--- Data to examine ---

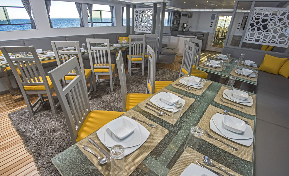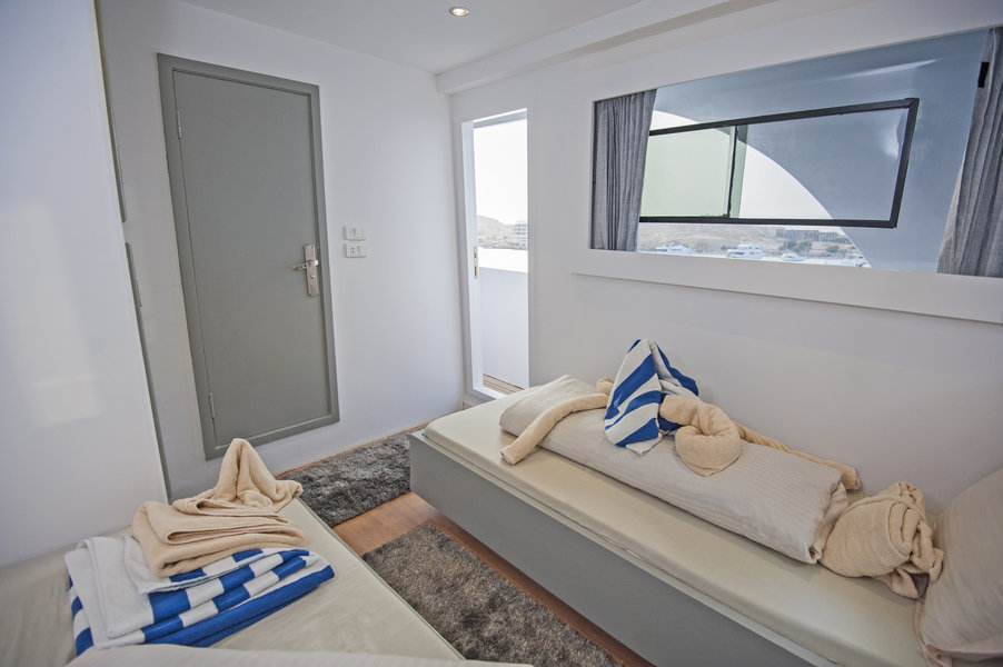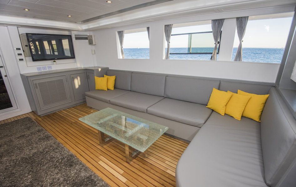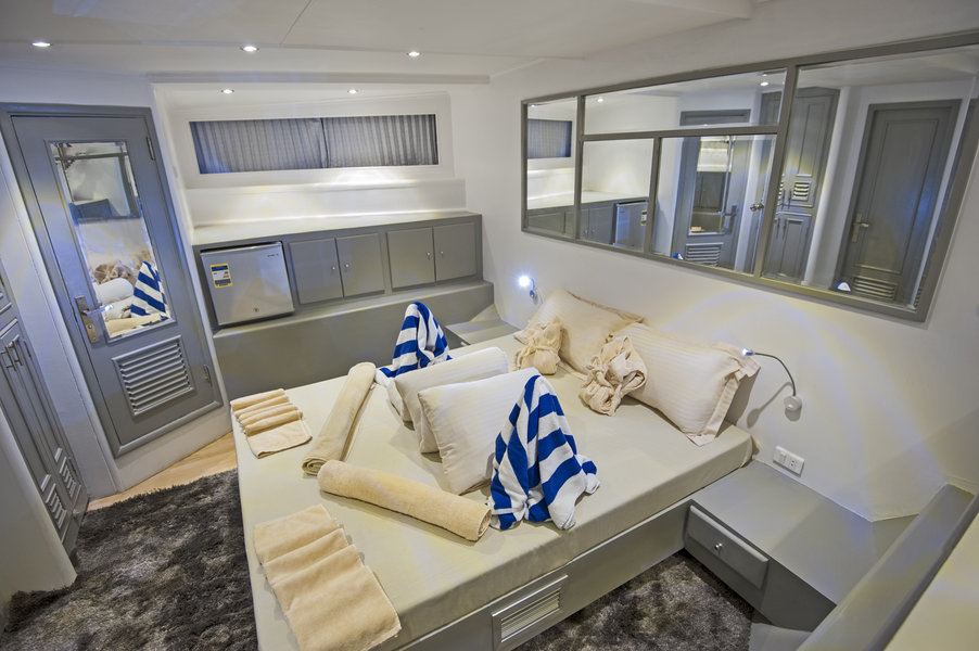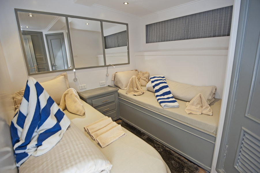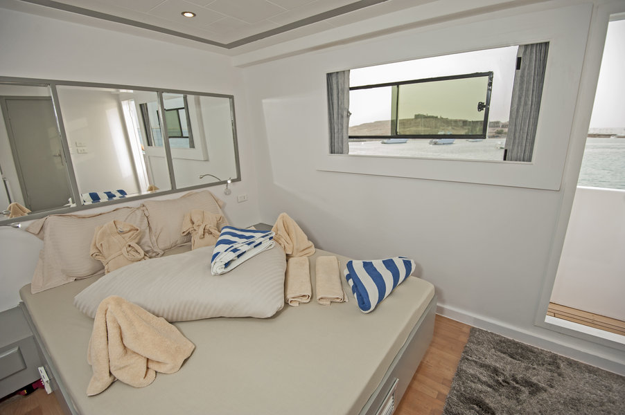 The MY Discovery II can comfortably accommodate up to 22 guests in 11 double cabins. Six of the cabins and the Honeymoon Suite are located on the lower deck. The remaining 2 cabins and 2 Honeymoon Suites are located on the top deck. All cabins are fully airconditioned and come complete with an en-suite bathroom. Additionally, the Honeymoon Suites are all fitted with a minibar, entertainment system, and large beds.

---
--- Data to examine ---

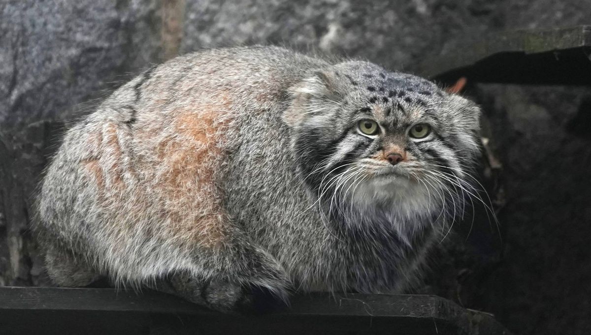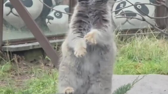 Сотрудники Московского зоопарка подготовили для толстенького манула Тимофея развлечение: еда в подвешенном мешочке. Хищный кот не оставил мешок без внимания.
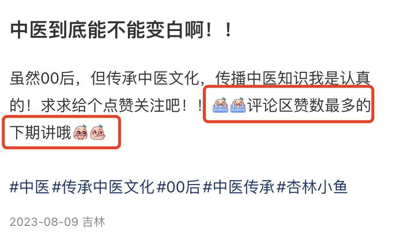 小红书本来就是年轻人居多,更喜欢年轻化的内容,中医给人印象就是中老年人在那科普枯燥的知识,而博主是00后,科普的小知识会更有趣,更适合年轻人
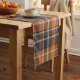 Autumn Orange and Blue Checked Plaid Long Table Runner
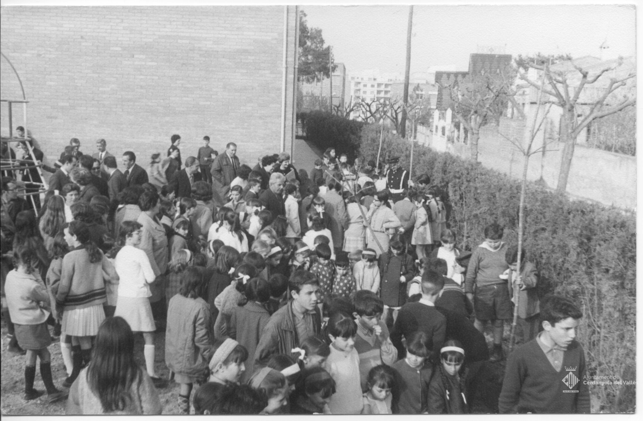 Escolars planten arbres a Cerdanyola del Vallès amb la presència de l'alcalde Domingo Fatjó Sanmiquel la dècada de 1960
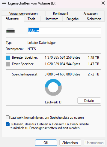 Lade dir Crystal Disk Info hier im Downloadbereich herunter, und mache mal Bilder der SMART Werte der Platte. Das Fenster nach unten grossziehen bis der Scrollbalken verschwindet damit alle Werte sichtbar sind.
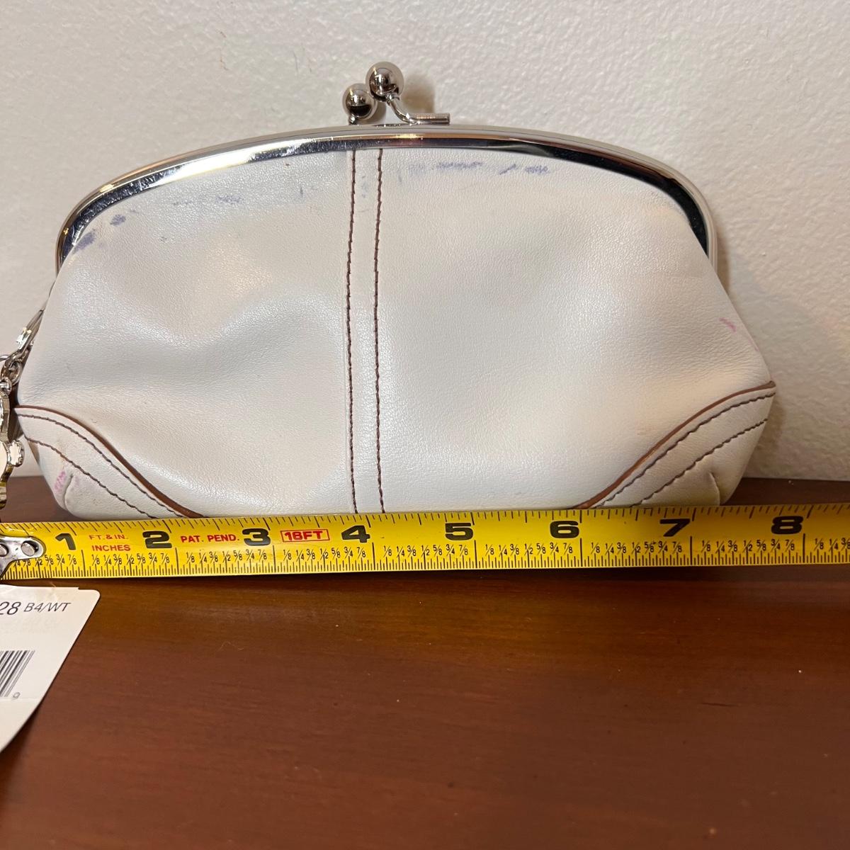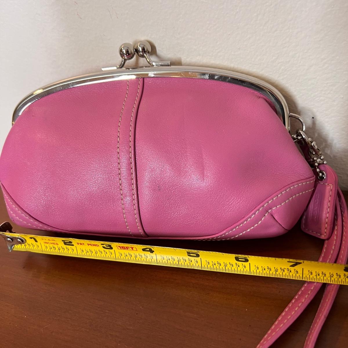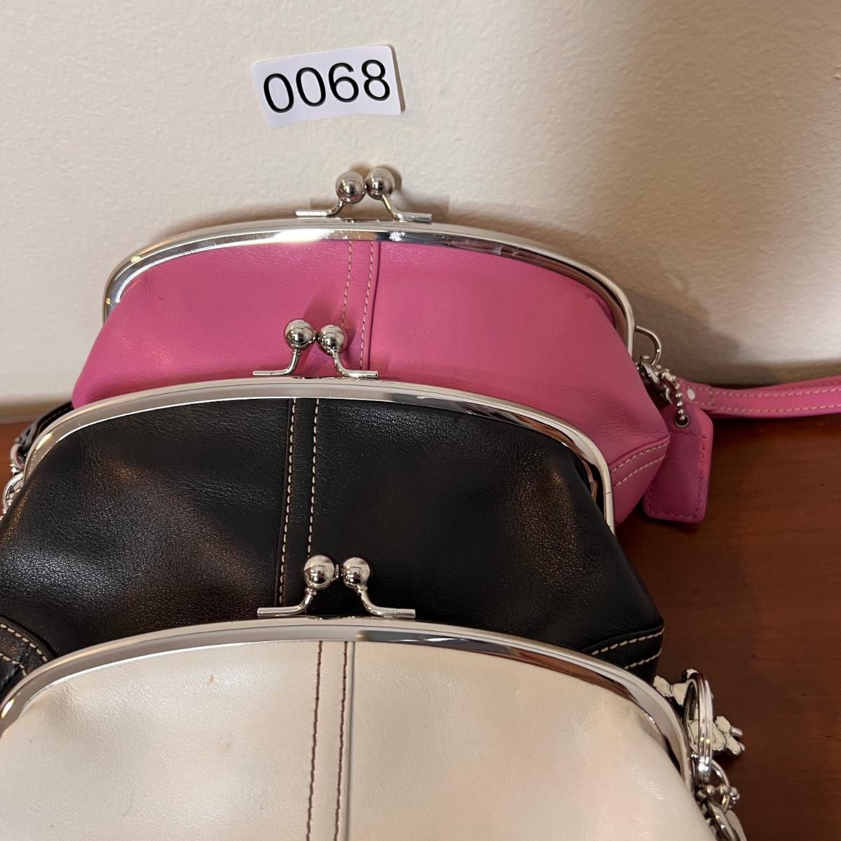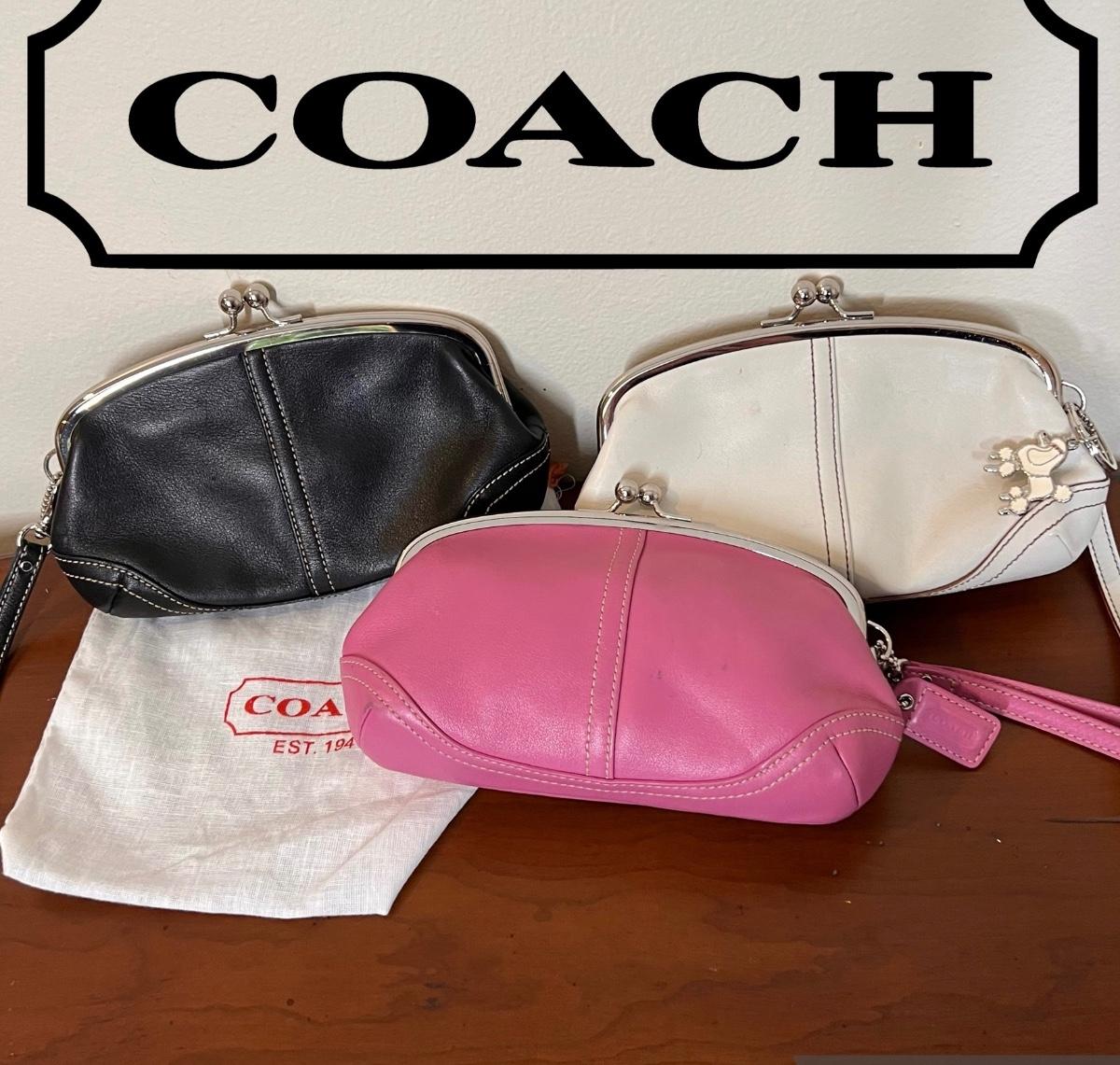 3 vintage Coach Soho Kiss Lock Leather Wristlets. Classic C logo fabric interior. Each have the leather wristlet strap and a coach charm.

---
--- Data to examine ---

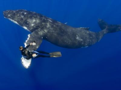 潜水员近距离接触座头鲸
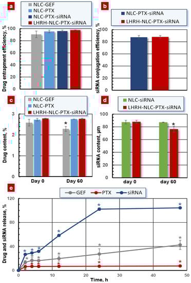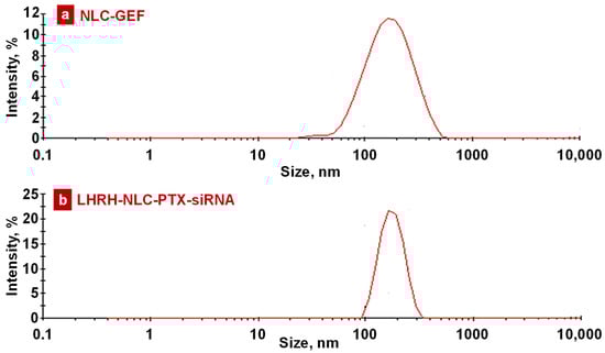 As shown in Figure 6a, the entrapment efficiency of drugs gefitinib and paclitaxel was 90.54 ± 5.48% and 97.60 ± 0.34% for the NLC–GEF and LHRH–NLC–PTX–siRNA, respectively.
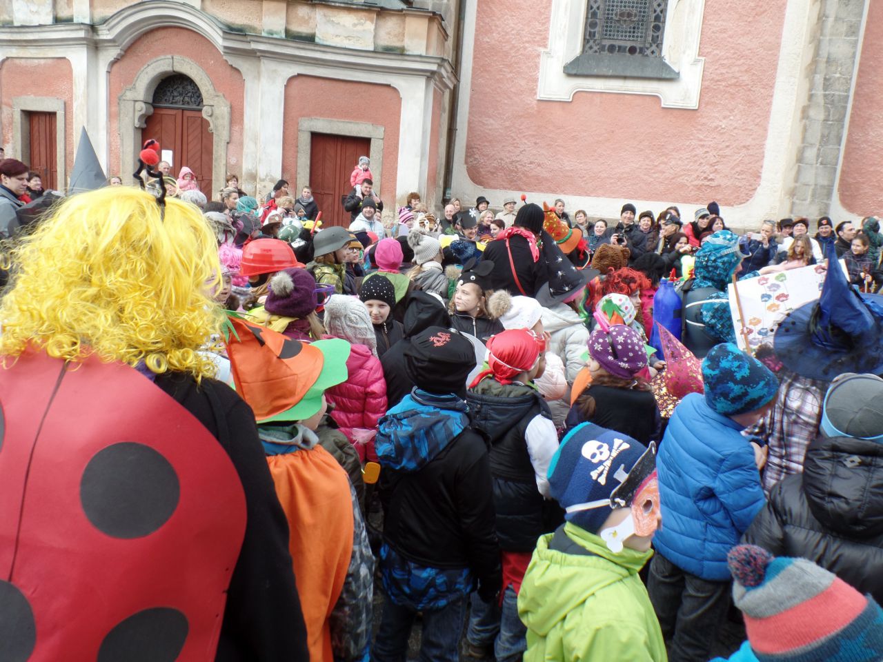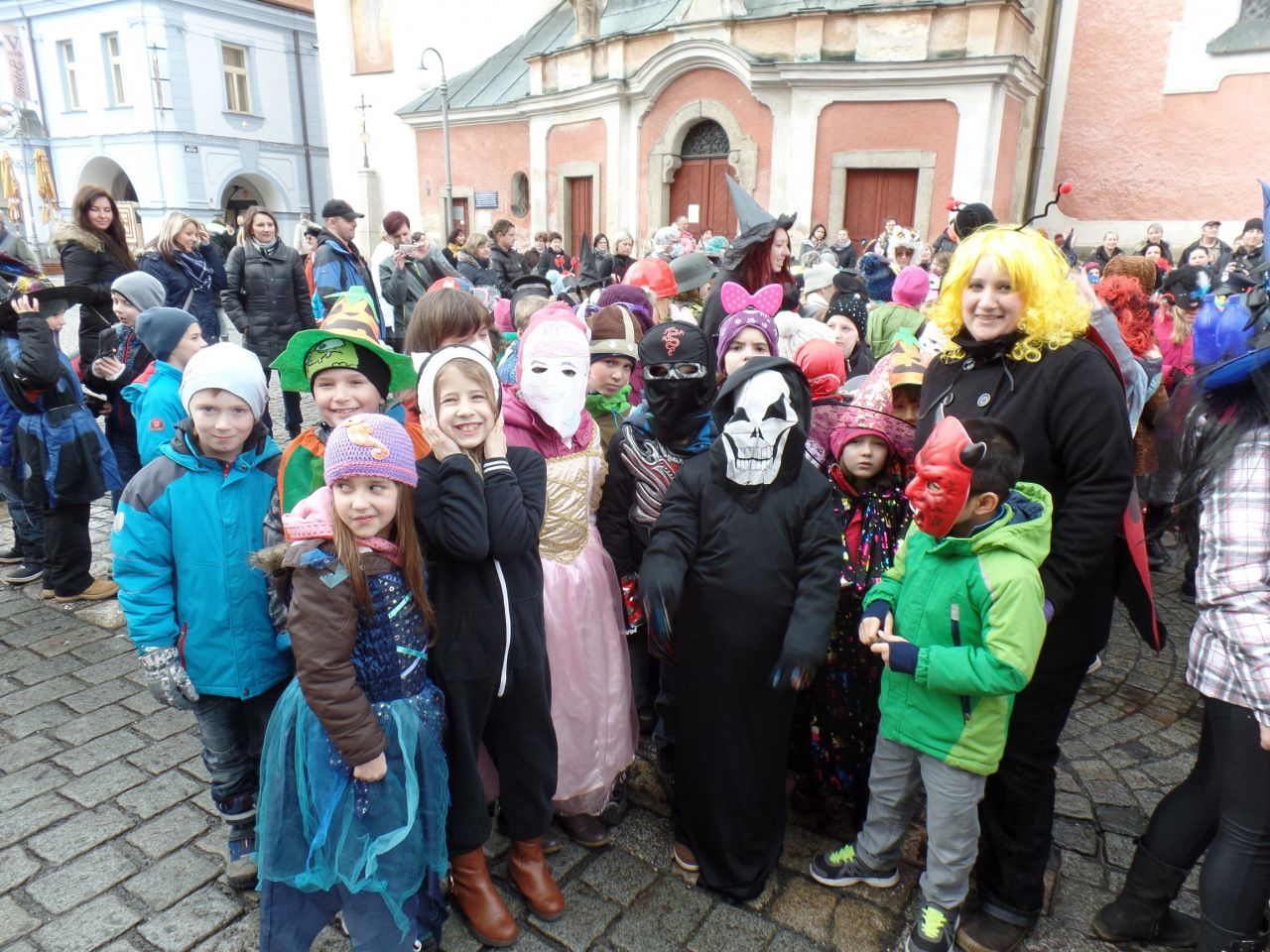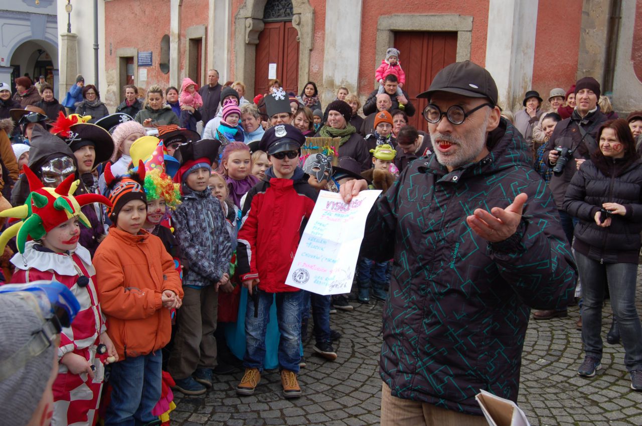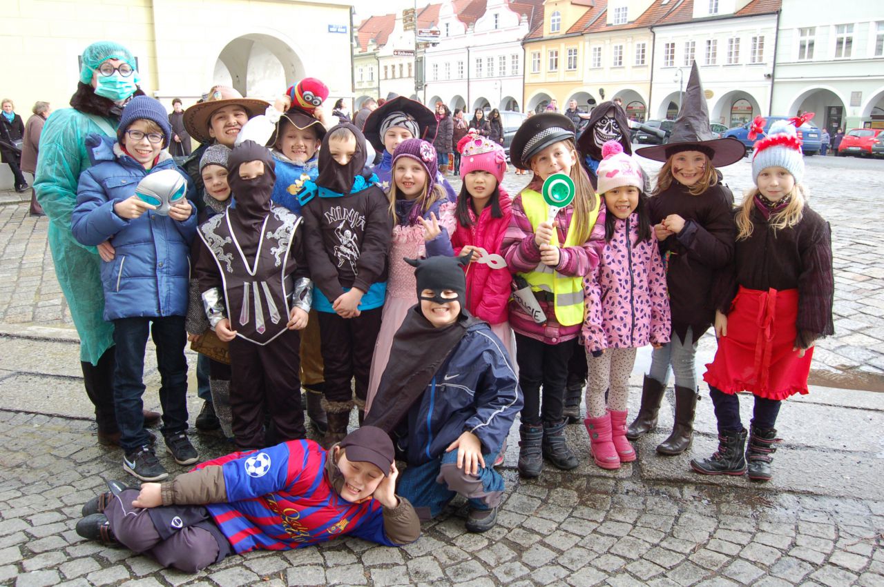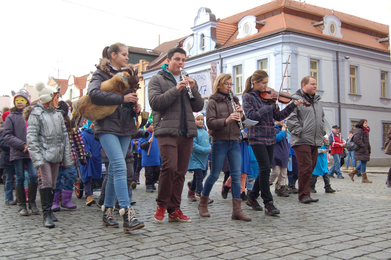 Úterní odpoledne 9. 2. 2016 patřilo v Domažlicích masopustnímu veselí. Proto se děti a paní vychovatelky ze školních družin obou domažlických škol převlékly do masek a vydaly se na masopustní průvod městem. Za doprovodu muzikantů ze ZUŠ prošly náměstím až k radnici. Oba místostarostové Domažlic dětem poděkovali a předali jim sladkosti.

---

Exercise: What lines above run from the one with "Lade dir Crystal" to the one with "3 vintage Coach"? Give them again exactly, ends included, and leave the pictures out.

Exercise solution:
 Lade dir Crystal Disk Info hier im Downloadbereich herunter, und mache mal Bilder der SMART Werte der Platte. Das Fenster nach unten grossziehen bis der Scrollbalken verschwindet damit alle Werte sichtbar sind.
 3 vintage Coach Soho Kiss Lock Leather Wristlets. Classic C logo fabric interior. Each have the leather wristlet strap and a coach charm.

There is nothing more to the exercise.